By: Hamilton Bulldogs
03/07/2013 3:41 PM -
Story By: Stuart McComish
Acquired for netminder Cedrick Desjardins on Feb. 14 in a trade between the Montreal Canadiens , the Bulldogs’ parent club in the National Hockey League, and the Tampa Bay Lightning, the parent club of the Syracuse Crunch, Tokarski has posted four wins, including two shutouts, a goals-against average of 1.18 and a save percentage of.960.
Tokarski, a 23-year-old from Humboldt, Sask., has yet to allow more than two goals in any of his starts for the Bulldogs and is riding a shutout streak of 146:07 dating to Juuso Puustinen’s goal at 12:41 of the second period that opened the scoring in a 2-0 loss to the visiting Milwaukee Admirals on Feb. 24 that saw the Admirals’ second goal scored into an empty net.
In Tokarski’s next start he made 31 saves in a 2-0 road win over the Lake Erie Monsters last Saturday night and turned aside 27 shots in a 2-0 win at home against the Abbotsford Heat on Tuesday night. Tokarski is the sixth goaltender in Bulldogs’ history to record consecutive shutouts and the first since Curtis Sanford did it in January, 2011. The club record for longest shutout streak is held by Desjardins, who did not allow a goal for 212:37 over five games from Nov. 25 to Dec. 9, 2009.
“I feel good out there, but the main thing is the team is playing really well right now,” said Tokarski, who is expected to get the start at 7 p.m. Friday when the Bulldogs visit the Grand Rapids Griffins to open a stretch of three games in as many days.
“The important thing for us is to keep winning games. The guys are playing a solid 60 minutes and we’re playing a complete game.”
Tokarski had praise for the Bulldogs’ young defence corps which features a number of rookies.
“I think they are great young defencemen and I am having a lot of fun playing with them. We are communicating well and they are sacrificing their bodies and doing their jobs.”
Tokarski said after practice Thursday that he isn’t focused on becoming the first Bulldogs’ goaltender to post three consecutive shutouts.
“I am just thinking about going out there tomorrow and giving us a chance to win. It’s all about the result. The shutouts have been nice, but that is a result of how well the team has been playing.”

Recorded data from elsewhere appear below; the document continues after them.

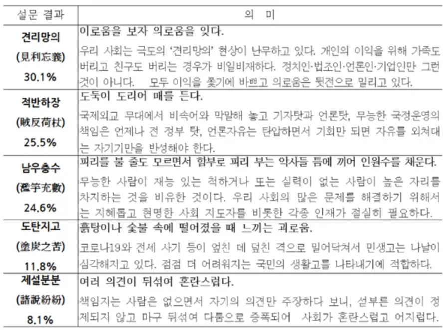 대학교수들은 매년말 그해를 나타내는 사자성어를 선정, 발표하고 있습니다. 올해에도 지난해와 마찬가지로 사자성어가 선정되었습니다.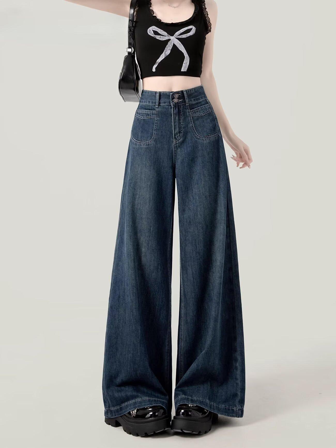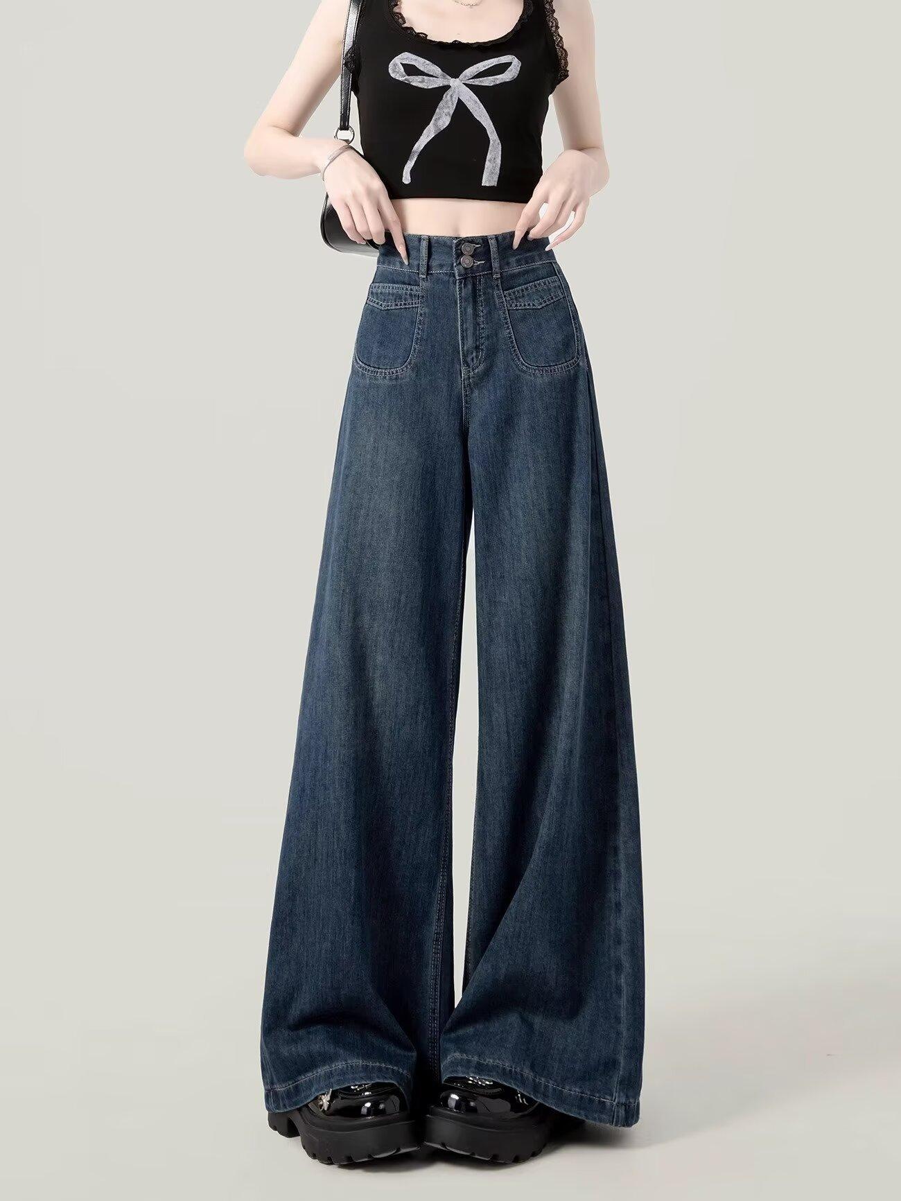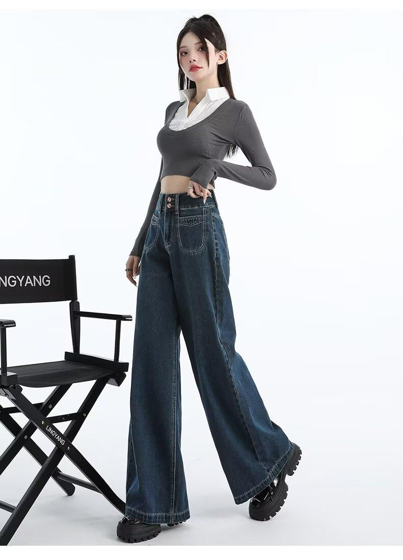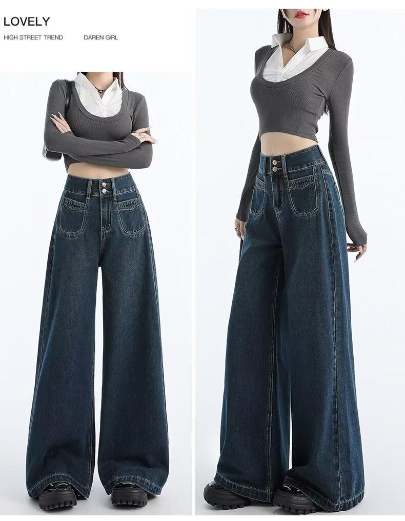 Jeans de Cintura Alta y Pierna Ancha para Mujer 2024 Nuevo Casual Lazy Dape Sueltos Adelgazantes Rectos Primavera y Otoño a la Moda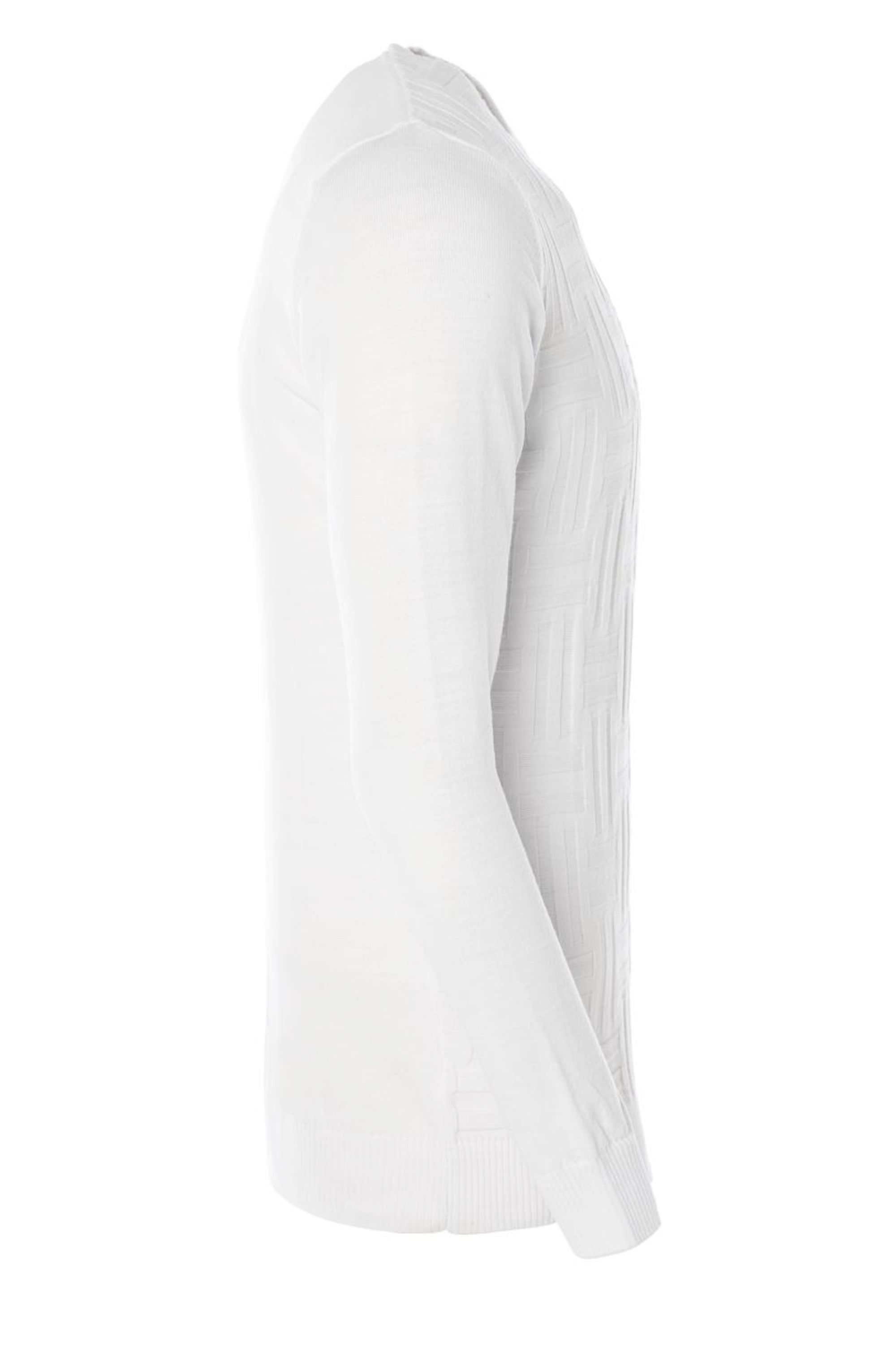 Maglia leggera bianca da uomo con un motivo decorativo sobrio sulla superficie.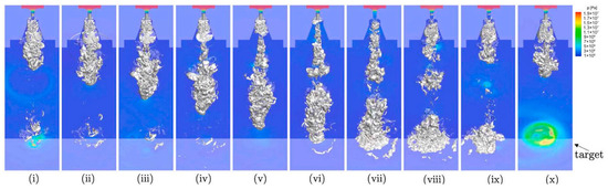 Figure 10 shows an example of the shadowgraph images of cavitating free jets issued into a still water environment captured by a high-speed camera operating at a frame rate of 100,000 Hz. The experiments were performed at 12 MPa nozzle pressure. The time-series shadowgraph images are shown for every 0.1 ms interval, indicating periodic cloud formation every 0.7 ms, which corresponds to the periodic frequency of 1.4 kHz. The series of shadowgraph images showed the formation of clouds within a short distance from the nozzle exit (t = 0 ms), which grew downstream with increasing elapsed time. This was followed by the start of cloud separation near the nozzle (0.6 ms) and shrinkage of the cloud in the cloud image near the nozzle (1.2 ms). Subsequently, a cloud collapse occurred in the image (1.3 ms) at approximately 60 mm from the nozzle exit. Thus, the cavitation cloud experiences periodic growth, shrinkage, and collapse at a short distance from the nozzle exit [73] and is accompanied by unsteady fluctuations in the cloud behavior owing to the influence of turbulence generated in the shear layer. The cloud width increases with the axial distance from the nozzle, and the width reaches a maximum at approximately 50 mm in axial distance before approaching cloud collapse at 60 mm in the cavitating jet. The cloud of the cavitating jet is dispersed further downstream, where the surrounding bubbles are sparsely distributed rather than forming a cloud. It should be noted that the shadowgraph imaging allowed observation of the cloud as well as the dispersed bubbles near the cloud, while the direct imaging captured the blurred reflection light at the cloud interfaces.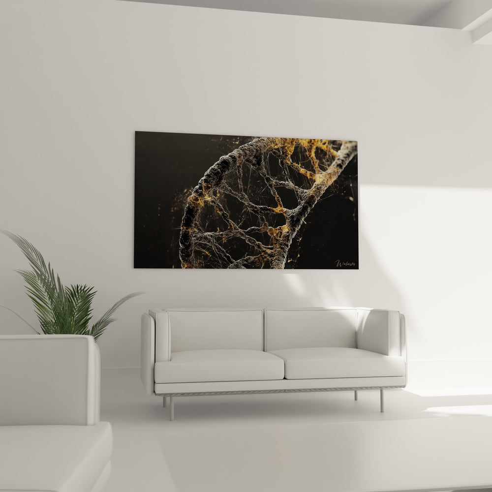 Ce tableau mural ADN présente une représentation saisissante de la double hélice génétique dans une version artistique exceptionnelle. L'œuvre capture la structure moléculaire de l'ADN avec un réalisme scientifique remarquable, où chaque brin de la hélice ADN dorée semble vibrer de vie et d'énergie. Les détails microscopiques sont magnifiés et sublimés, transformant cette merveille de la nature en une véritable décoration murale scientifique. La texture rugueuse et organique de la structure génétique contraste magnifiquement avec l'arrière-plan sombre et moderne, créant une profondeur visuelle captivante. Ce tableau art génétique révèle la beauté cachée de notre patrimoine génétique, transformant la science en art décoratif. L'artiste a su capturer l'essence même de la vie à travers cette représentation de l'ADN décoratif moderne. Les fibres entrelacées de la double hélice semblent presque palpables, invitant le spectateur à contempler les mystères de la génétique. Cette œuvre d'art ADN contemporaine s'inscrit parfaitement dans les tendances actuelles de l'art scientifique, où la beauté naturelle rencontre l'esthétique moderne pour créer des pièces uniques et fascinantes.

The Bulldogs, who will host the Griffins at 5 p.m. Sunday, will also entertain the Peoria Rivermen at 7 p.m. Saturday. Tokarski said he will be ready if he gets the nod in each game, but he expects fellow netminder Robert Mayer, who has recorded wins in four of his last five starts, to see some action too.
“I never say no to a start. I have played three-in-three before. Robert is a great goalie and I am sure he will get a game in, but it’s the coach’s call and whoever he puts in net will be ready. It’s fun to compete with Robert, we push each other. He’s played some good games since I have been here.”
A fifth-round pick of the Lighting in the 2008 Entry Draft, Tokarski helped backstop the Norfolk Admirals to the Calder Cup last season. The Lighting moved its AHL affiliation to Syracuse this season and Tokarski appeared in 33 games with the Crunch, posting a record of 18-8-4 with three shutouts and a goals-against average of 2.46.
In 2011-12 the Admirals led the AHL in scoring with 273 goals and the Crunch is currently the highest-scoring team in the league with 198 goals while the Bulldogs’ 121 goals are the fewest in the AHL.
“Syracuse can score more than we can, there’s no hiding that fact,” said Tokarski when asked about moving from a high-powered offensive team to one that has struggled offensively at times this season. “But the guys are working hard and we’re starting to win games. It doesn’t matter if you win 2-1 or 7-5, the end result is two points and that’s what we are striving for every night.”
Tokarski came to the Bulldogs with a sterling resume. In addition to his Calder Cup win, he helped the Spokane Chiefs win the Western Hockey League championship and Memorial Cup in 2008 and was named the top goaltender and most valuable player in that tournament. He also helped lead Canada to a fifth consecutive gold medal at the 2009 World Junior Championship at Ottawa.
“He has a swagger about him,” said Bulldogs head coach Sylvain Lefebvre. “He’s a great teammate who has won, both in the pros and junior. He knows what it takes. He knows if you want to win it is team first and if you play well as a team and win then individual rewards will come. It’s a six-man unit out there right now and everyone is doing their job and helping each other out.”